Above it is mentioned that if you got into gold in the 80s you would probably not have gained.   However if you had got in in the early 70's at the  price of $35 an ounce and held you would be up more than 2000% today.    For those that lost after the fall from the 80's as many profited by getting out at the right time.

I remember as a youngster on the farm from my Father I learnt there were right and wrong times to sell sheep and cattle.   Supply and demand  make the cycles.  Many traditional investment vehicles are looking a bit doubtful and money seems to be losing value so gold is in demand.   

To answer the thrust of the thread,  I have 40% of my investment portfolio in physical gold and silver which I have stored in a bank vault.  Have been set with that for 3 years and have no need to add to the position.   I am confident that I will know well in avance when the cycle is ending and it is time to sell.

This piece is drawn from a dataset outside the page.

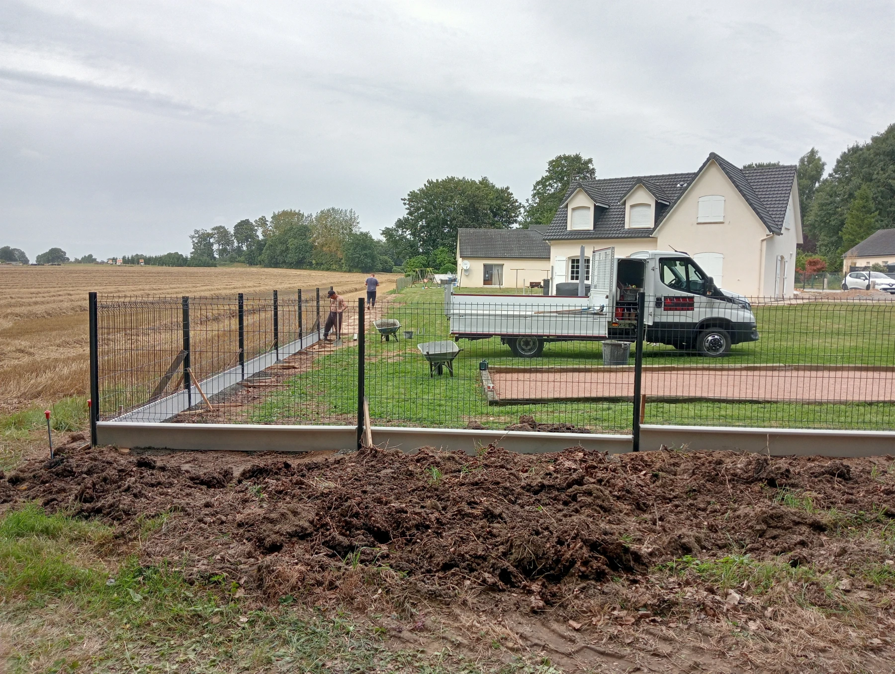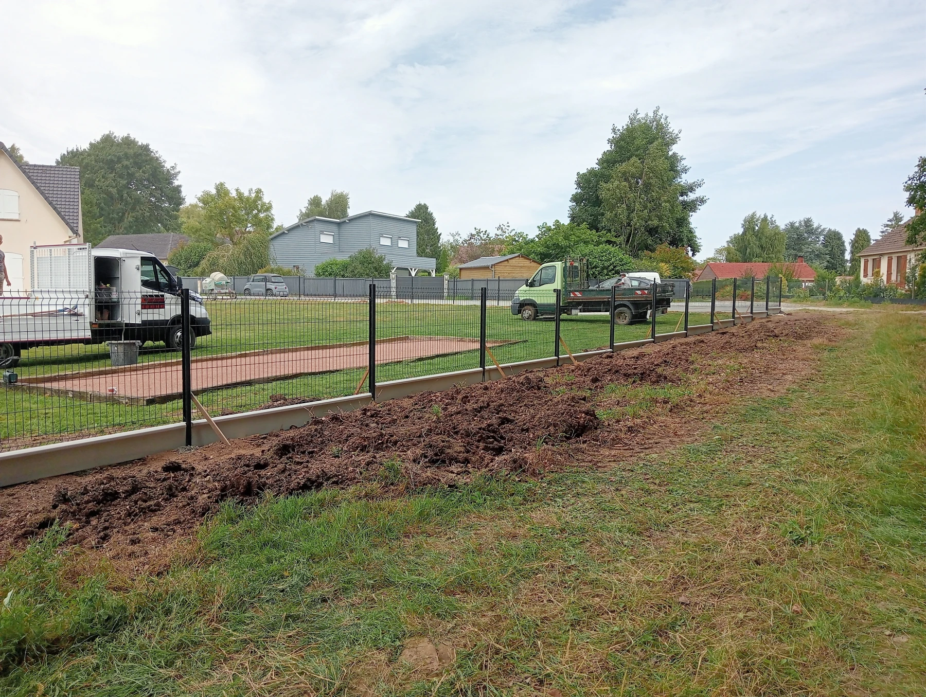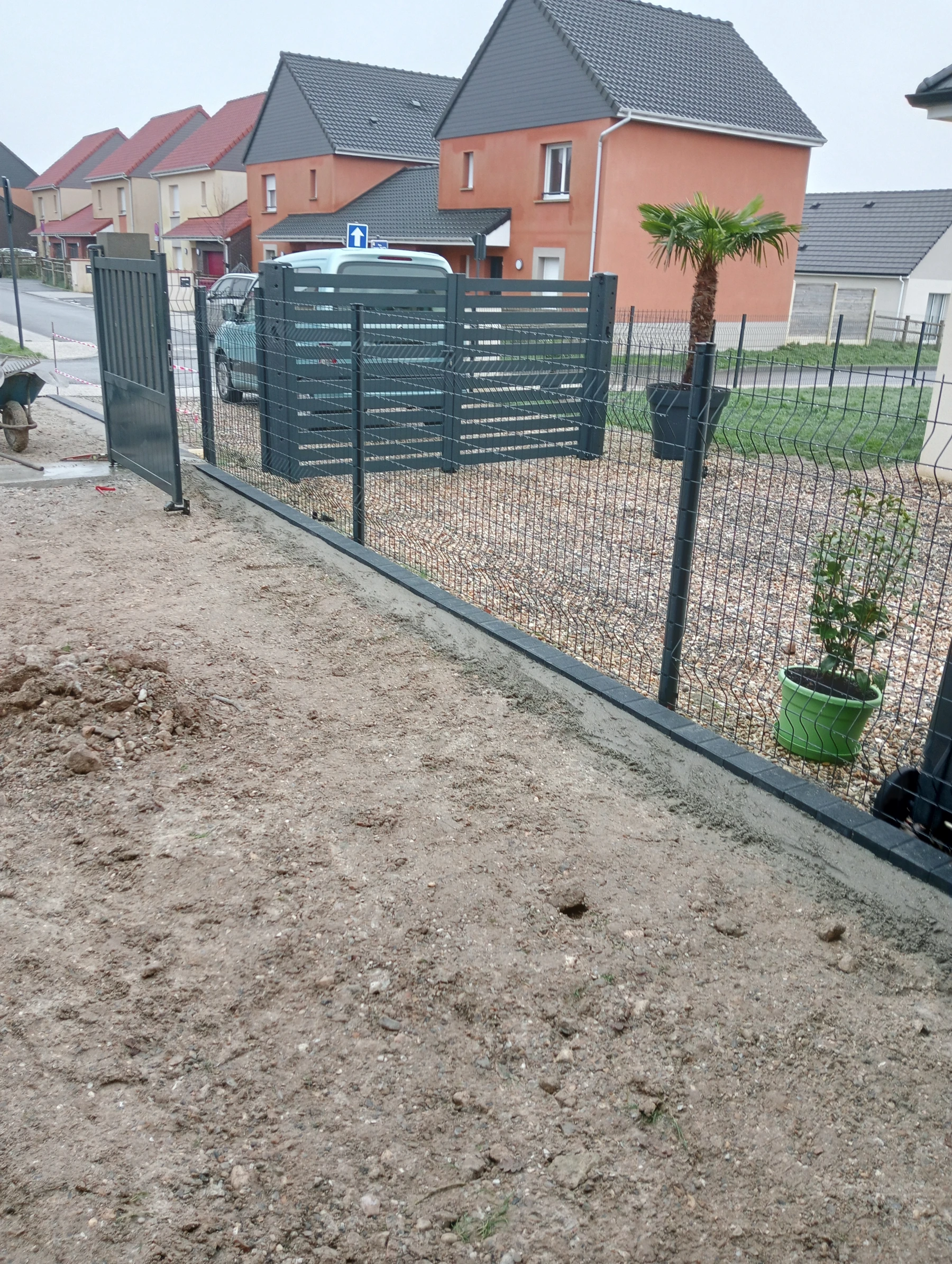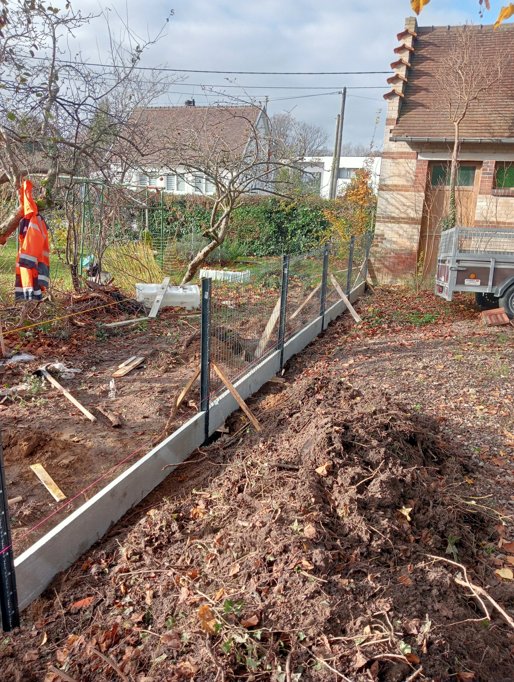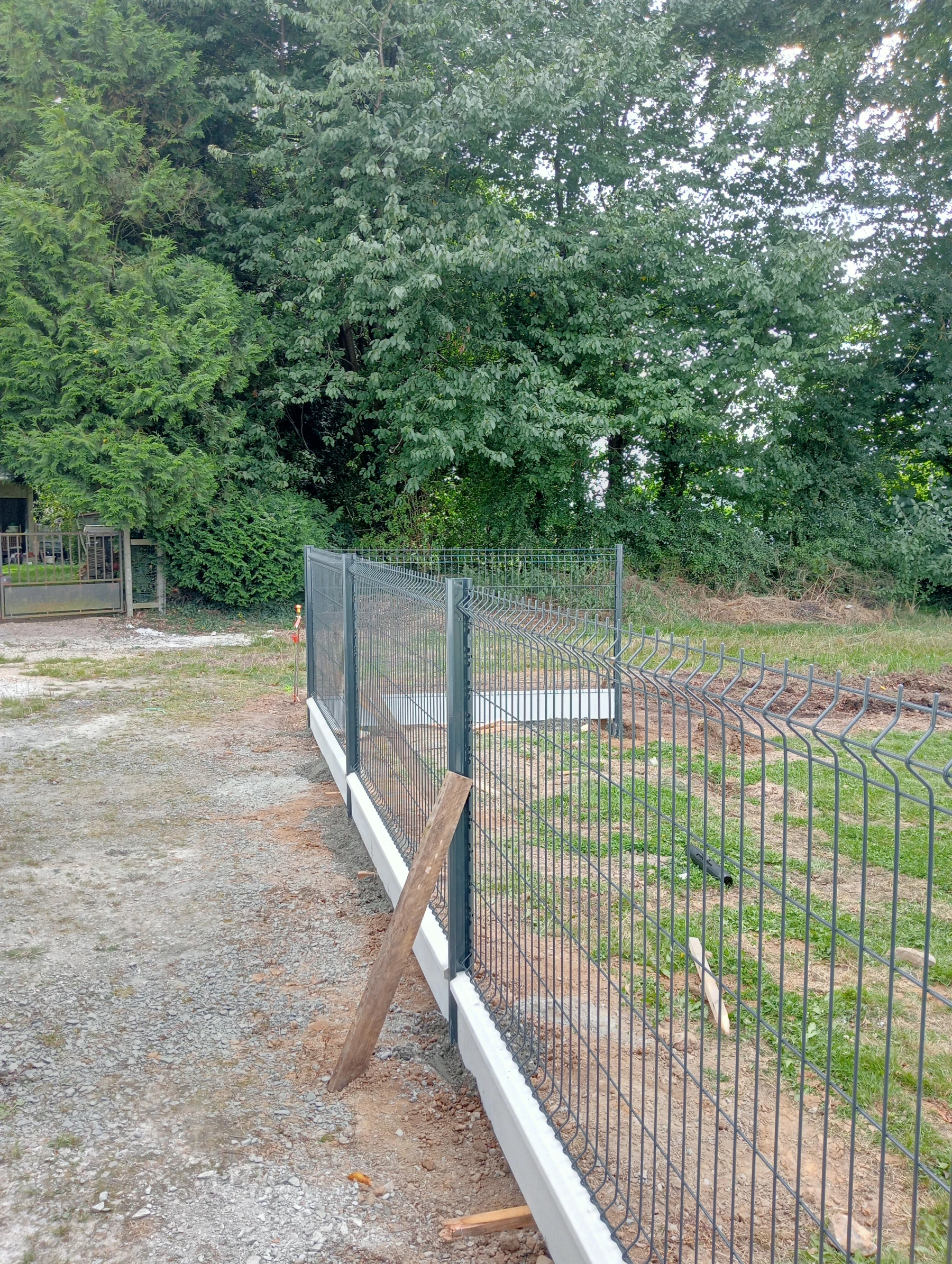 Pose d'une cloture rigide avec soubassement chantier secteur grand couronne

An investor and analyst on cycles, William Gann is well worth reading up on.  He was early to mid 20th Century but the basic principles never change.


----------



## Nyden (12 April 2008)

Hmm, just realized I never actually answered any of your questions! :  I shall answer question 3 ...


I personally don't really have any gold exposure at the moment, but; it perhaps should be part of a balanced portfolio ... I'm just entirely in cash at the moment, waiting for the dust to settle.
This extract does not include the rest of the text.